Testing BSM Physics with Gravitational Waves

The Cosmic Gravitational Wave Background (CGWB) is an irreducible background of gravitational waves generated by particle exchange in the early Universe plasma. Standard Model particles contribute to such a stochastic background with a peak at $f\sim 80$ GHz. Any physics beyond the Standard Model (BSM) may modify the CGWB spectrum, making it a potential testing ground for BSM physics. We consider the impact of general BSM scenarios on the CGWB, including an arbitrary number of hidden sectors. We find that the largest amplitude of the CGWB comes from the sector that dominates the energy density after reheating and confirm the dominance of the SM for standard cosmological histories.
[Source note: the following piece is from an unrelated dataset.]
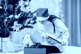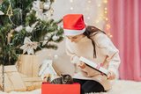 Smiling girl in Santa Claus hat sitting on the plaid near Christmas tree and opening gift box with kitten. Christmas surprise.

For non-standard cosmological histories, such as those with a stiff equation of state $\omega >1/3$, like in kination, BSM physics may dominate and modify the spectrum substantially. We conclude that, if the CGWB is detected at lower frequencies and amplitudes compared to that of the SM, it will hint at extra massive degrees of freedom or hidden sectors. If it is instead measured at higher values, it will imply a period with $\omega >1/3$. We argue that for scenarios with periods of kination in the early Universe, a significant fraction of the parameter space can be ruled out from dark radiation bounds at BBN.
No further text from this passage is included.